With a calm, eerie smile, he returned to the truck, removing two massive jerrycans from the bed. Methodically, he began pouring the contents out onto the floor of the garage, the smell of gasoline rich and noxious-sweet. He was going to set fire to the shop. Everything Nik had worked so hard to rebuild, and it was about to be gone in an instant.
Olivia let out an agonized wheeze of protest. “You don’t have to do this. I’ll give you everything, okay?” Her voice had an alarming, airy whistle to it, like something had been crushed in her windpipe.
Erik ignored her, continuing the neat trail of gasoline, ending in a pool on the waiting room tile just beneath their feet. Cold, pure terror gripped Nik as he realized it wasn’t just the shop Erik was planning on setting ablaze.

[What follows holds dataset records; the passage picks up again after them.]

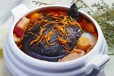 食法、食量:食时,根据食者的喜好,用麻油或调制蒜泥等调味汁水,蘸食新炖熟的天麻及甲鱼,并喝汤。
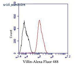 Flow cytometric analysis of Villin1 was done on HCT116 cells. The cells were fixed, permeabilized and stained with the primary antibody (ER1901-31, 1/50) (red). After incubation of the primary antibody at room temperature for an hour, the cells were stained with a Alexa Fluor 488-conjugated Goat anti-Rabbit IgG Secondary antibody at 1/1000 dilution for 30 minutes.Unlabelled sample was used as a control (cells without incubation with primary antibody; black).
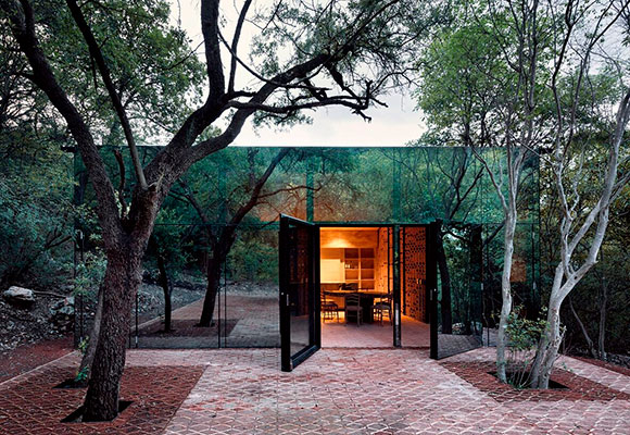 Gracias a los espejos, las casas contribuyen a crear entornos ficticios como grandes bosques
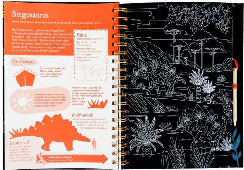 nápaditá knížka je rozdělena do dvou částí, v první části jsou nejrůznější fakta, údaje a zajímavosti, doplněna stránkami s vyškrabávacími obrázky, druhá část je poté plná kvízů, doplňování, spojování, kreslení či hledání.

Liv thrashed wildly against her restraints. “Jesus Christ, at least shoot us first.”
“I’m aiming to make this look like an accident, Liv. I’m not sure that there’ll be enough of you for forensics, but why take the risk?” he said with brutal pragmatism, capping the cans and placing them neatly next to the fallen oil drum. “You’re a waste of bullets, anyways. I spoiled you Liv. Consider this catch up on all the discipline you missed out on.”
A phone went off again, but this time it wasn’t Nik’s. He was surprised when Erik answered it, like he had all the time in the world before he burned them alive. “Bauer.” A pause. “Slow down.” His eyes went pitch-black. “What do you mean he got away? ...Yes...No.... Fine.” Erik pulled his fingers back through his hair as he hung up, taking a seat across from Olivia. He let out a slow, dark laugh, furious annoyance hiding in the furrow of his brow. “I should have known; somehow your brother managed to fuck this up too.”
“We all have our talents,” Liv rasped, her smile bitter and triumphant. Nik wasn’t sure he shared her optimism.
“Well, no matter. I’ve waited two years to get my revenge, what’s a few minutes more?” Erik retrieved a single match from the book in his pocket, dread settling in Nik’s stomach in a tight knot. “We’ll just have to sit tight until Peter joins us.”